And if they think that the issues have not been addressed, well, then they
don't understand and there is little I can do about that too.
Key in your statement are debate and healthy:
there must be a debate and it must be healthy. In most cases neither
is true, and that includes your arguments.
1st, normalization is not a tool, but a set of design
principles/guidelines.
2nd, let me get this straight: are you saying that because
normalization does not address every possible design flaw, then it should
not address any of those that it can address? And if relational design
addresses intra-table dependencies separately from normalization, then
normalization should not be used to address those dependencies that it
can address?
You've got the common problem of poor reasoning. How people
who cannot think logically can do good work in a field founded on logic
escapes me. It's like a quantum theorist who does not know mathematics.
3rd, you avoid answering my questions by asking
another. To repeat:
·
Why is denormalization less costly than
normalization?
·
Is corrupt data a cost of denormalization and does it
enter in your cost-effectiveness calculations at all? If so, how?

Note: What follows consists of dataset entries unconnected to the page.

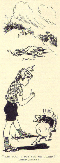 And after about half an hour a very tired, thirsty, foot-sore puppy limped in at the farmyard gate. How good it was to be back! There were the hens. There was the duck-pond—and there was dear old Johnny! With a whine the puppy ran limping over the yard—and Johnny stared at him in the utmost astonishment.
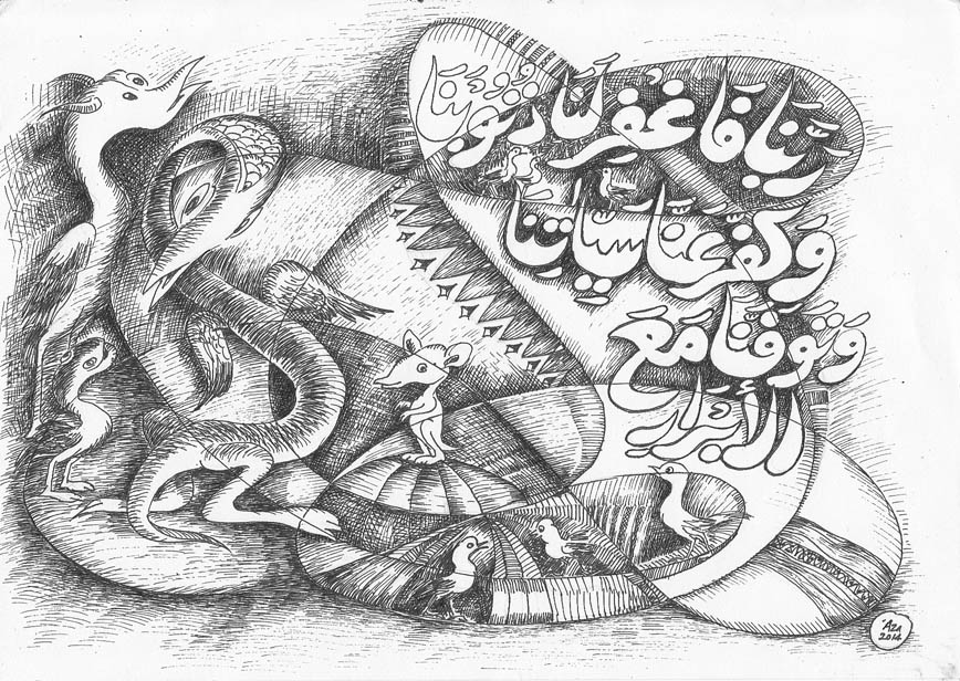 Karya ini dibuat di Makassar pada tanggal, 1 September 2014 bertepatan dengan tanggal, 6 Zulqaidah 1435 H. Ukuran: 21 x 29,5 cm. Media: Tinta Cina di atas kertas. Koleksi: Pribadi.
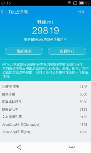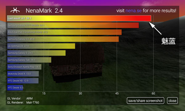 在NenaMark1测试当中,魅蓝YunOS版的成绩为58.8fps,而在NenaMark 2.4当中的成绩为59.1fps,表现还是不错的,说明应对一般的3D应用,魅蓝YunOS版可以流畅运行。
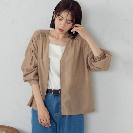 透け感を活かした軽さのあるVネックシアーブルゾンです。
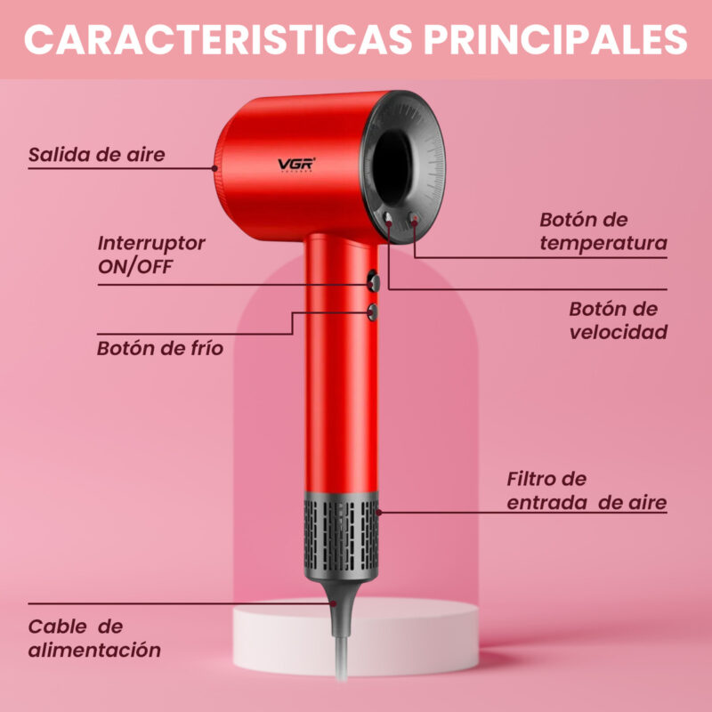 Secador De Pelo Profesional VGR V-445 1600W Rojo
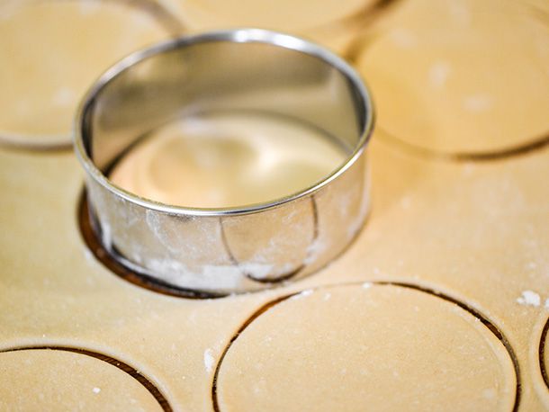 Roll dough out on a lightly floured surface into a large sheet approximately 1/16-inch thick. Cut out rounds using 3-3 1/2-inch biscuit cutter. Remove excess dough, shape into a ball, re-roll, and wrap in plastic.
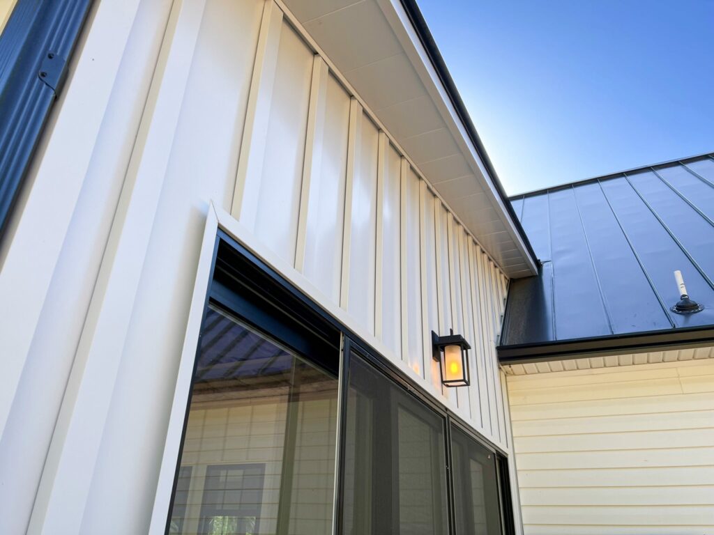- Vertical board-and-batten profile for a bold, modern architectural look
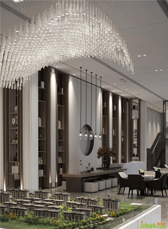 在空间关系的处理上,设计以简明的线条勾勒空间的层次,打造自然与建筑和谐共生。通过重构艺术的手法,运用点、线、面的构成,对不同空间进行分切和组合,实现时空再造,情景再现。主要亮点体现在沙盘区上空的水晶装饰灯,像一颗颗晶莹剔透的雨滴错落有序地排成一片,仿佛一场春雨裹挟着芳草的香气淅淅沥沥从天而降,滋润了整座城。

Answering this question would make your question (2) moot -
more evidence of poor reasoning.
It says something about the quality of discourse (and
intellectual abilities) in the IT world that all reactions to my article
completely ignore the core of its message: the integrity cost of
denormalization. And you call this "healthy debate that stimulates"?
Sounds like you need much more than [reading my site].
From: AC
I'll be frank: I think you're dragging this debate all over
the place. My original question was simple... where does cost come into the
database design picture. In your article you position normalization as the
be-all-and-end-all of database design, when in fact, I posit, *efficiency* is
the be-all-and-end-all. Normalization is simply a tool for achieving efficiency
in a database that is prone to random access update. Yes, it is very satisfying
in it's application; yes, I'm sure a lot of your correspondents are morons, but
no, and no again, normalization does not address cost, and so cannot be
considered a complete methodology for database design.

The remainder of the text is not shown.